Tregastel is sublime. There is a headland that is crowded with massive boulders forming a tumbled chaos of strangely eroded granite rocks along the cliff top and down into the sea whilst off shore several small islands were scattered across a sea that was vivid blue in the bright sunshine. Some of the tiny islands were just big enough to have a few trees with a large granite house sheltering between them, others looked deserted, covered in tufts of grass and surrounded by granite boulders.
The boulders were fascinating, each as large as a house with the headland footpath winding between them. They must have been eroded by the weather, split sometimes and left piled on top of each other, holes worn through in places and often forming strange shapes resembling animals or huge heads. We were not the only ones charmed by this strange landscape. Families and groups of friends were either wandering the coastal path, each bend opening a new vista across the windswept yellow gorse, or they were attempting to find ways of climbing up the rocks. It was a truly awesome place.
Back along the coast is a massive rocky outcrop. This has been partially hollowed out and made into a Maritime Museum with marine exhibits to be found off the Breton coast.

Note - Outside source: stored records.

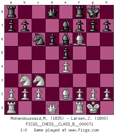 Last move : 1-0 2009 May 22 18:27:2 [Event "FICGS__CHESS__CLASS_B__000071"] [Site "FICGS"] [Date "2009.03.02"] [Round "1"] [White "Mohandoussaid,Malik"] [Black "Larsen,Jarl Eirik"] [Result "1-0"] [WhiteElo "1835"] [BlackElo "1800"] 1.e4 c5 2.Nf3 d6 3.d4 cxd4 4.Nxd4 e5 5.Nb3 Be6 6.Nc3 Nf6 7.Be2 Be7 8.O-O O-O 9.Bg5 Nc6 10.Bxf6 1-0 This chess game has been lost on time (started : 2009.03.02 17:0:39) Sicilian Kingside Castling by player White (move 8) Kingside Castling by player Black (move 8) Player White won this chess game. Follow this game move after move (download)The sign of a great Master is his ability to win a won game quickly and painlessly. (Irving Chernev) Ein Schachgenie ist jemand der verdammt gut Schach spielt. (Jonathan Levitt) Ayuda a tus piezas para que ellas te puedan ayudar. (Paul Morphy) Les échecs sont un jeu par leur forme, un art par leur essence et une science par sa difficulté d'acquisition. Ils peuvent vous procurer autant de plaisir qu'un bon livre ou une belle musique, mais vous n'aurez une réelle joie que si vous arrivez à bien jouer. (Tigran Petrosian) A married woman is like a fish riding a bicycle. (Rodolfo d'Ettorre)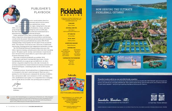 Dollard Publishing Co., Inc. publishes eight issues of Pickleball Magazine per year. ALL RIGHTS RESERVED. REPRODUCTION IN WHOLE OR IN PART IS PROHIBITED. © 2025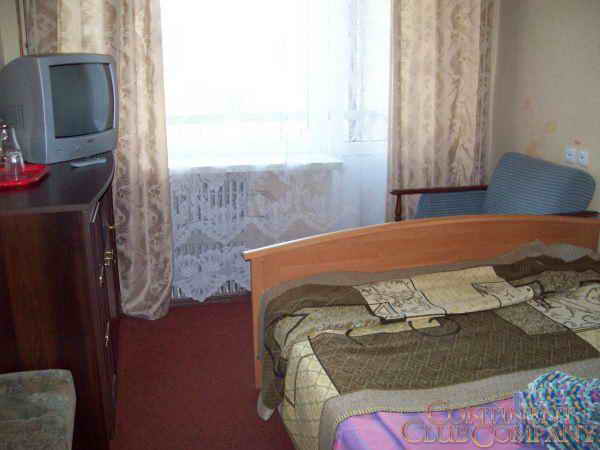1-комнатный 2-местный «Эконом +» со всеми удобствами (душ, туалет, умывальник). В номере: 2 односпальные кровати, 2 тумбочки, стол, стулья, холодильник, телевизор (кабельное ТВ), электрочайник, балкон. Ремонт среднего качества. Общая площадь - 17,4 м.кв.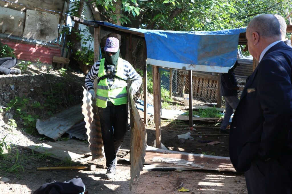 El secretario de Seguridad de Santa Fe, Omar Pereira, y la fiscal Agustina Eiris supervisaron este jueves el derribo de un puesto de venta de estupefacientes en Almafuerte y San Jerónimo, en Barrio Travesía, en la zona norte de la ciudad de Rosario.

From Tregastel we followed the coast road, known as the Corniche de Bretagne back to our campsite and down to the sandy cove below it from where we could look across to the headland near Roscoff with the Ile de Batz off shore in one direction and the rugged coast around Tregastel in the other.
This morning the sunshine was as cheerful as ever though temperatures have been rather chilly. We moved on, making our way slowly along the coast towards Normandy. First we stopped to explore Perros Guerric, twinned with Teignmouth near Exeter. It is a pleasant little town with a particularly interesting church but we’d soon exhausted the repetitious Breton souvenir shops all selling identical tea trays depicting Becassine, and jars of caramel au beurre salé. Even the bakers shops sold nothing but Far Breton or Breton cakes and pancakes made from pure butter. Every little town we’ve passed through seems to have its own biscuit factory producing packets of butter biscuits that are vaguely like shortbread but with even more butter and cholesterol in them.
On the cliffs above the town we stopped to admire the splendid view out across the expanse of sea with seven islands dotted offshore. Sometimes the tops of submerged rocks could be seen just showing above the sea as it broke over them. This coast must be truly treacherous for shipping.
Continuing along the coast we reached Treguier a little town dedicated to St. Yves whose tomb was in the cathedral until it was sacked during the Revolution. It has since been reinstated and the saint’s skull is now on display in its reliquary inside the cathedral. This is a large and impressive Romanesque building dating from the eleventh century which continued in the gothic style during the thirteenth century. Overall it received significant damage during the Revolution but generally it is a pleasing building – apart from its tall and horrible pierced spire added in 1785, just before the cathedral was sacked during the Revolution. The spire is completely out of style and proportion with the rest of the building. I was greatly impressed that a town of a mere 3,000 people had a cathedral, let alone such an impressively large one. There are several streets of pleasant timber-framed houses, a couple of excellent bookshops and a port de plaissance on the wide aber below the town.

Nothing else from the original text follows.